The use of color is one of the most important literary elements that can be found in a novel. The color of specific objects can be used as symbols of underlying themes and motifs and traced throughout the story. In One Hundred Years of Solitude, the author, Gabriel Garcia Marquez, makes use the color yellow in order to allude to, or even foreshadow, death, change, and destruction of the Buendia family, Macondo and the people that live there.

Early on in the novel, the people of Macondo become infected with a disease referred to as the insomnia plague. It infected the entire town because "once it gets into a house no one can escape the plague" (Marquez page 44). At first, the plague only affected Rebecca and then the Buendia family. It did not spread to the rest of the town until after children ate the candy animals that Ursula made and gave to them. Included in these candies are "tender yellow ponies of insomnia" (45). This is one of the first major instances in which the color yellow is associated with destruction. It relates to the destruction of the peoples' minds and even further isolates them from the rest of the world. The insomnia that the people have not only inhibits them from falling asleep; it causes the loss of memory. In addition, because the plague is transmitted through the mouth, outsiders of the town that came to visit "had to ring bells so the sick people would know they were healthy" (46) and they quarantine Macondo. All of this was caused by the consumption of the yellow ponies.
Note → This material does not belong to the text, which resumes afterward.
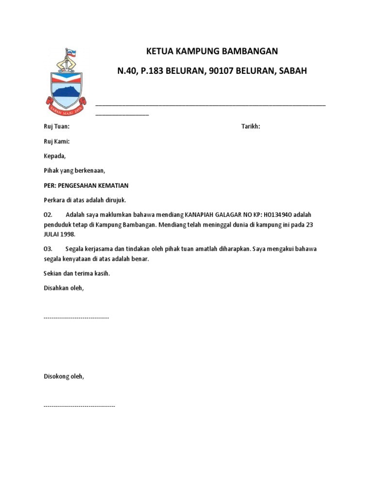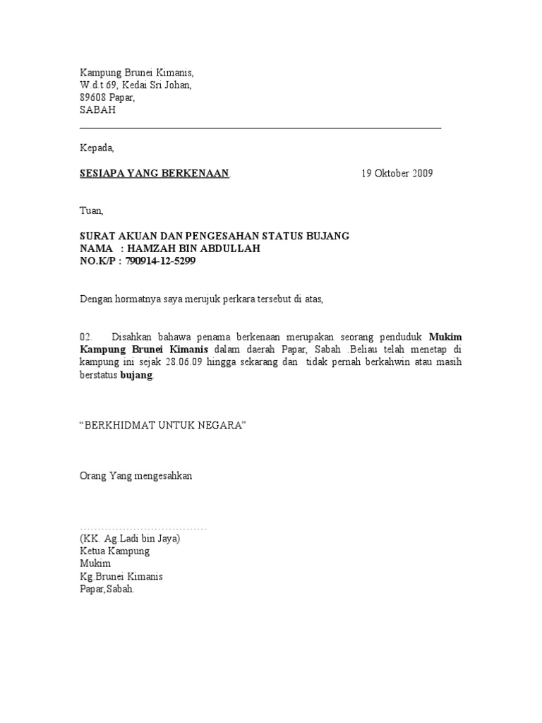 Bujang Contoh Surat Pengesahan Ketua Kampung

When Jose Arcadio Buendia dies at the end of chapter 7, the town of Macondo gets covered by a "light rain of tiny yellow flowers falling" (140). These flowers fell so thick that the next day, they had to physically remove them in order to get tasks done, "they had to clear them away with shovels and rakes so that the funeral procession could pass by" (140). Jose Arcadio Buendia is the main Buendia. He is the founder Macondo and is the one who made it into a great little town, "it was a truly happy village where no one was over thirty years of age and where no one had died" (9). The yellow flowers falling all over the place foreshadows what is going to happen because of his death: death, destruction, and change. Since the flowers cover everything, everyone has to adapt to the flowers being in the way and therefore break from their usual routines which is ultimately going to lead to the demise of Macondo.

One of the most important symbols in One Hundred Years of Solitude is the yellow train. Modernization is the ultimate destroyer and the yellow train what brings it all to Macondo. "The innocent yellow train that was to bring so many ambiguities and certainties, so many pleasant and unpleasant moments, so many changes, calamities, and feelings of nostalgia to Macondo" (222). With the yellow train comes electricity, a movie theater, the phonograph, and then the telephone.